So when Hopkins mention the double-natured name, he is referring to the Word of God. It is actually the christening of the Son/sun as in the Gospel according to Saint John. The light of the creation of the world is Christ the Word: In the beginning was the Word, and the Word was with God, and the Word was God. The same was in the beginning with God. All things were made by him: and without him was made nothing that was made. In him was life, and the life was the light of men. And the light shineth in darkness, and the darkness did not comprehend it. (John 1:1-5)

In the Creed of the Catholic Church the naming of Christ is in close context with a description of the birth of Christ as a double nature of both True God and True Man: And in one Lord, Jesus Christ, the only begotten Son of God, born of the Father before all ages; God from God, Light from Light, true God from true God, begotten, not made, of one substance with the Father; through Whom all things were made. Who for us men and for our salvation descended from the heavens,and was made flesh by the Holy Spirit of the Virgin Mary, and was made man. (The Nicene Creed)

This is the passage of the solemn bow (In Roman Catholic liturgy the congregation bows during the Incarnation reference in the Credo) where the most holy of mysteries are described: The Son of the trinity enclosed in the womb of Mary. Hopkins described it as The heaven-flung, heart-fleshed, maiden-furled. And he describes the immaculate conception as the Miracle-in-Mary-of-flame – a paraphrase of the maid as the Queen of Heaven: The woman clothed with the sun, and the moon under her feet, and on her head a crown of twelve stars. (Apocalypse 12:1).

Then there is the double nature of the life Christ lived: His Death is a part of His Heavenly Birth – His Divine Birth is incorporated with the Divine Passion. He was also crucified for us under Pontius Pilate; suffered, and was buried; on the third day He rose again according to the Scriptures; and ascended into heaven. (The Nicene Creed)

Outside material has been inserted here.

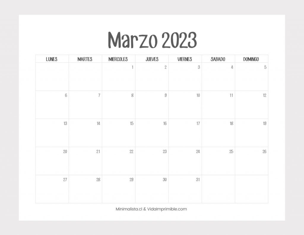 Calendario Marzo 2023 para Imprimir Descarga Gratis

And as the Sun follows its path Christ will reappear after a time of darkness on earth. This second arrival is described in the book of Revelations. It also speaks of the double-natured name of God: His name is both related to the Birth of Christ and to both the Creation and the End of the world.

And I saw heaven opened, and behold a white horse; and he that sat upon him was called faithful and true, and with justice doth he judge and fight. And his eyes were as a flame of fire, and on his head were many diadems, and he had a name written, which no man knoweth but himself. And he was clothed with a garment sprinkled with blood; and his name is called, THE WORD OF GOD. (Apocalypse 19:11-13)

Hopkins prays for the second coming of Jesus (to the shire = England) will not be in the dooms-day dazzle (as in the terror of the last Judgment) nor in the dark as he came (as in the obscurity of the first coming of Jesus) but as a released shower of Grace, of Divine kindness. Christ will reappear on Judgment day and he will be royally reclaiming (as in the cycle of the sun where it reclaims light over darkness every morning) in full blown majesty, in his thunder-throne

And then Christ will be showing His double nature in yet another way: The judge is also the Savior – The Savior is also the Judge.

And shall come again with glory to judge the living and the dead, of Whose kingdom there shall be no end. (The Nicene Creed)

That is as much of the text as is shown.